Why Chevron Corporation’s Stock Slid 10.9% in February

Silhouette of an offshore oil platform at sunset

What happened

Shares of Chevron Corporation (NYSE: CVX) sold off last month, falling nearly 11% after reporting disappointing fourth-quarter results amid a stock market sell-off.

So what

At first glance, Chevron’s fourth-quarter numbers looked good, with the oil giant earning $3.1 billion, or $1.64 per share. This was well ahead of the consensus estimate of $1.22 per share. However, the results included a $2 billion benefit from recent changes in the U.S. tax code. That masked weakness in the company’s international refining operations, which only pulled in $84 million of earnings last quarter, down from $357 million in the year-ago period.

Those results came on the heels of an equally disappointing report from fellow oil giant ExxonMobil (NYSE: XOM). Those dual disappointments led analysts to trim their price targets on these big oil companies. Wells Fargo, for example, maintained its outperform rating on Chevron but cut its price target from $129 to $125, while tweaking its target for Exxon from $88 to $87. Meanwhile, Jefferies maintained its buy rating on Chevron but snipped its price target from $152 to $149 per share, while also adjusting Exxon’s from $90 to $88.

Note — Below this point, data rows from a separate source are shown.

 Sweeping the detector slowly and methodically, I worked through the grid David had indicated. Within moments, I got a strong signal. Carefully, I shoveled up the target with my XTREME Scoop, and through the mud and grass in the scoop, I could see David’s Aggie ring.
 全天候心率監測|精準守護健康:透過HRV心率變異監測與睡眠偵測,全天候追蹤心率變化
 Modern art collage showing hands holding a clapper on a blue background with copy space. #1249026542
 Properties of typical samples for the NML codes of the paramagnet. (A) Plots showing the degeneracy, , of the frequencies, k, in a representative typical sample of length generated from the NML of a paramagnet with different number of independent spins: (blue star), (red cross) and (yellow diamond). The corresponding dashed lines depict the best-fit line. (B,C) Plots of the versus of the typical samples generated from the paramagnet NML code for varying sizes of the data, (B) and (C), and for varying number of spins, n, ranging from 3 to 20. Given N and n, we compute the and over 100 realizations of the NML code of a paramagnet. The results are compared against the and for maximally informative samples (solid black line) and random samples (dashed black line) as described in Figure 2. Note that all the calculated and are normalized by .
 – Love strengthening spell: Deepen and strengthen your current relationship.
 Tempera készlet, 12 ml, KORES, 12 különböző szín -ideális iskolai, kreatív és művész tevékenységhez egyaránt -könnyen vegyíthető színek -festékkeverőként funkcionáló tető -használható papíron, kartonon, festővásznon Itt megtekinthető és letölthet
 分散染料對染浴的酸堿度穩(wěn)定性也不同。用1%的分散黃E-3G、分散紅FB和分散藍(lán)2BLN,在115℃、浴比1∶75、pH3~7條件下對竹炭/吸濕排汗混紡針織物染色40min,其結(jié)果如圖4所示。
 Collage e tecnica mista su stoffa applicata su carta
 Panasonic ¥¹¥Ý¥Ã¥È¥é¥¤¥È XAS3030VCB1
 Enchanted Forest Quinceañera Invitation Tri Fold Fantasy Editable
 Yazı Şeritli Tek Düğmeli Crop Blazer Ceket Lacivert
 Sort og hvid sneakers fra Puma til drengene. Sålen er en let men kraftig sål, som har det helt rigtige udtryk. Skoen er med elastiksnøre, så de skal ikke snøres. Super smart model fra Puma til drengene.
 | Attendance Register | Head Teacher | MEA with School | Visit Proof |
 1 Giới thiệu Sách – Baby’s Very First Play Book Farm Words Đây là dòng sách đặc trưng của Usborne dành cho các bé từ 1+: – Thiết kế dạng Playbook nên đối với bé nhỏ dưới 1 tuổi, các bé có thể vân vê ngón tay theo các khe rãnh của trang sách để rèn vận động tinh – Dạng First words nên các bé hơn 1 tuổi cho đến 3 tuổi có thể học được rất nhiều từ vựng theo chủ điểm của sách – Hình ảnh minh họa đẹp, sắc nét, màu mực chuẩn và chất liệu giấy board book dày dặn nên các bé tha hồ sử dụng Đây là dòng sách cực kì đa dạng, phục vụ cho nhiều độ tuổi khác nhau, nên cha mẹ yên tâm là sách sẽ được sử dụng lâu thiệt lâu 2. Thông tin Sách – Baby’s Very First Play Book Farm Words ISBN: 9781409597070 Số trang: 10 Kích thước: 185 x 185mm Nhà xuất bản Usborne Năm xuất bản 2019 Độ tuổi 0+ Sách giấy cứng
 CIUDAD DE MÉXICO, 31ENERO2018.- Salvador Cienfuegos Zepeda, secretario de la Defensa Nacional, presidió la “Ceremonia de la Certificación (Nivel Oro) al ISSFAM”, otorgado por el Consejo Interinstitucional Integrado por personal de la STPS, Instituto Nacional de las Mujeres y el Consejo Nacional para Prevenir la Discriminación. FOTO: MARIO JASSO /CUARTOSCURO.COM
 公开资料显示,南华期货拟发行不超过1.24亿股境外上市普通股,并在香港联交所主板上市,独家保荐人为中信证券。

That said, analysts generally had a more favorable view on Chevron’s quarter than Exxon’s. That’s why, for example, Barclays upgraded Chevron from equal weight to overweight and raised its price target from $130 to $135, citing its belief that the company’s fundamentals are improving faster than its peers. That included Exxon, which it downgraded from overweight to underweight, while cutting its price target from $84 to $91. That upgrade was one reason Chevron managed to slightly outperform Exxon last month, which was a brutal one for the oil giant after it plunged 15%.

Now what

As a result of last month’s slide, Chevron is starting to become a very compelling stock for income seekers, especially after recently increasing its dividend 3.7%, which pushed its yield close to 4%. The oil giant firmly believes that the payout is on solid ground.

In fact, CEO Michael Wirth recently stated that “we intend to grow free cash flow in 2018 and thereafter…even with no commodity price appreciation.” Because of that, the company believes it can increase its dividend over time and could soon resume its share-repurchase program.